解决方案必须容忍记录的结尾只是 LF ( ),这是典型的 UNIX 文件,而不是 CRLF ( ) 作为标准需要和 Excel 或其他 Windows 工具将生成.它还可以容忍不带引号的字段与带引号的字段混合在一起.它特别不需要容忍使用前面的反斜杠(即 " 而不是 ")转义 " ,因为某些其他 CSV 格式允许 - 如果你有,那么在前面添加一个 gsub(/\"/,"""") 将处理它并尝试处理两个转义自动在一个脚本中的机制会使脚本变得不必要的脆弱和复杂.

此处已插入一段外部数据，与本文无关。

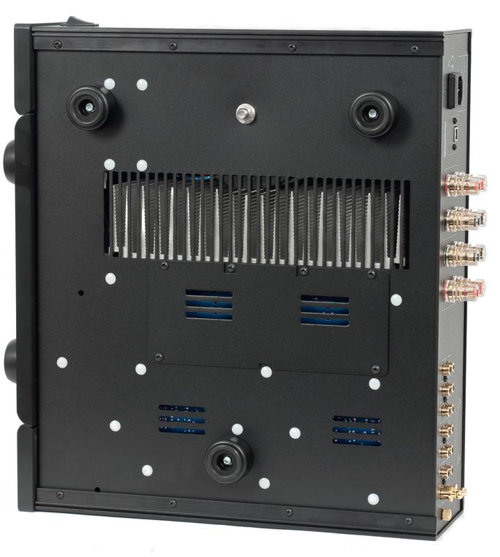 Kolejne pary RCA to wyjście subwooferowe (stereo!) oraz niskopoziomowe wyjście tajemniczo opisane USB OUT. Instrukcja obsługi na ten temat milczy, wiemy tylko, że to wyjście liniowe, najprawdopodobniej na stałe podłączone do sekcji przetwornika cyfrowo- -analogowego, pozwalające na jego niezależne wykorzystanie… Terminale głośnikowe są podwójne.

The solution must tolerate the end of record just being LF ( ) as is typical for UNIX files rather than CRLF ( ) as that standard requires and Excel or other Windows tools would generate. It will also tolerate unquoted fields mixed with quoted fields. It will specifically not need to tolerate escaping "s with a preceding backslash (i.e. " instead of "") as some other CSV formats allow - if you have that then adding a gsub(/\"/,"""") up front would handle it and trying to handle both escaping mechanisms automatically in one script would make the script unnecessarily fragile and complicated.

推荐答案

如果您的 CSV 不能包含换行符或转义双引号,那么您只需要(使用 GNU awk for FPAT):

If your CSV cannot contain newlines or escaped double quotes then all you need is (with GNU awk for FPAT):

$ echo 'foo,"field,with,commas",bar' |
    awk -v FPAT='[^,]*|"[^"]+"' '{for (i=1; i<=NF;i++) print i, "<" $i ">"}'
1 <foo>
2 <"field,with,commas">
3 <bar>

否则,适用于任何现代 awk 的更通用、更强大、更便携的解决方案是:

Otherwise, though, the more general, robust, portable solution that will work with any modern awk is:

$ cat decsv.awk
function buildRec(      i,orig,fpat,done) {
    $0 = PrevSeg $0
    if ( gsub(/"/,"&") % 2 ) {
        PrevSeg = $0 RS
        done = 0
    }
    else {
        PrevSeg = ""
        gsub(/@/,"@A"); gsub(/""/,"@B")            # <"x@foo""bar"> -> <"x@Afoo@Bbar">
        orig = $0; $0 = ""                         # Save $0 and empty it
        fpat = "([^" FS "]*)|("[^"]+")"         # Mimic GNU awk FPAT meaning
        while ( (orig!="") && match(orig,fpat) ) { # Find the next string matching fpat
            $(++i) = substr(orig,RSTART,RLENGTH)   # Create a field in new $0
            gsub(/@B/,""",$i); gsub(/@A/,"@",$i)  # <"x@Afoo@Bbar"> -> <"x@foo"bar">
            gsub(/^"|"$/,"",$i)                    # <"x@foo"bar">   -> <x@foo"bar>
            orig = substr(orig,RSTART+RLENGTH+1)   # Move past fpat+sep in orig $0
        }
        done = 1
    }
    return done
}

BEGIN { FS=OFS="," }
!buildRec() { next }
{
    printf "Record %d:
", ++recNr
    for (i=1;i<=NF;i++) {
        # To replace newlines with blanks add gsub(/
/," ",$i) here
        printf "    $%d=<%s>
", i, $i
    }
    print "----"
}

.

$ awk -f decsv.awk file.csv
Record 1:
    $1=<rec1, fld1>
    $2=<>
    $3=<rec1","fld3.1
",
fld3.2>
    $4=<rec1
fld4>
----
Record 2:
    $1=<rec2, fld1.1

fld1.2>
    $2=<rec2 fld2.1"fld2.2"fld2.3>
    $3=<>
    $4=<rec2 fld4>
----

以上假设 的 UNIX 行结尾.使用 Windows 行结尾,它比换行符"简单得多.每个字段内实际上只是换行符(即 s),因此您可以设置 RS= "(使用 GNU awk 进行多char RS),然后字段中的 不会被视为行尾.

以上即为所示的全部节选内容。